Monday, April 27, 2026

Durrani, "Industrial Patent Law"

Haris Durrani (Harvard University) has posted "Industrial Patent Law," which is forthcoming in Volume 104 of the Washington University Law Review. The abstract:

History is absent from the rigorous debate on government patent policy. Scholarship has focused on the Bayh-Dole Act of 1980, where the government relinquished control over patents on inventions developed with federal funding. The act’s critics advocate the exercise of its key exception: government rights to “march in” to require that contractors license patents to third parties, a carveout never used until last year, when the Trump Administration threatened to exercise it against universities. Meanwhile, the act’s defenders argue that marching in and other “public patent powers”—e.g., government rights to title or liability shields for contractors—stymy innovation and commercialization and are not designed to serve the public interest. But these debates have hardly examined the world before Bayh-Dole, when government control of patents was the norm. Scholars instead study the act’s effects, such as “anticommons” problems, or engage in counterfactuals, asking what might have transpired if the government had ever marched in or exercised similar powers. Yet history supplies an economic experiment for testing the effects of powers like march-in before Bayh-Dole. The most influential and striking uses of these powers involved one of the consequential technologies of the Cold War, the communications satellite.

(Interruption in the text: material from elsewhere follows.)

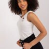 Casual top of standard length, made of a blend of cotton, viscose, and elastane, which provides comfort and flexibility. The smooth, ribbed material gives it a fashionable character, and the round neckline beautifully highlights the neck and shoulders. The sleeveless model has been decorated with an elegant brooch, adding a subtle, distinguishing accent. Ideal for everyday styling, it goes well with both jeans and skirts.

To that end, this Essay is a targeted account of industrial patent law, the post-World War II framework for government patent policy. Carefully reading archival records, administrative proceedings, and case law on patents and contracts during the Cold War, the Essay uncovers the history of industrial patent law and bolsters the argument for its restoration. The Essay focuses on disputes over communications satellites, which shaped industrial patent law writ large.

The Essay draws three takeaways from this history. First, industrial patent law was designed and worked to spur innovation and commercialization and protect the public interest, contrary to the narrative spun by skeptics of march-in rights. Second, industrial patent law’s demise was due not merely to Bayh-Dole, but, more profoundly, to the government’s longstanding belief in unsubstantiated claims from company representatives that public patent powers are anathema to technological and commercial growth—claims recited by skeptics of march-in rights to this day. Third, the history supports two modern uses of industrial patent law: (1) marching in as an antimonopoly tool to control price; and (2) retaining title or marching in to regulate spacecraft as public utilities, an application highly pertinent to SpaceX. The Essay also suggests that, contrary to scholarly outcry, the Trump Administration’s threat to march in on universities is an opportunity to course correct decades of unchecked privatization of U.S. research.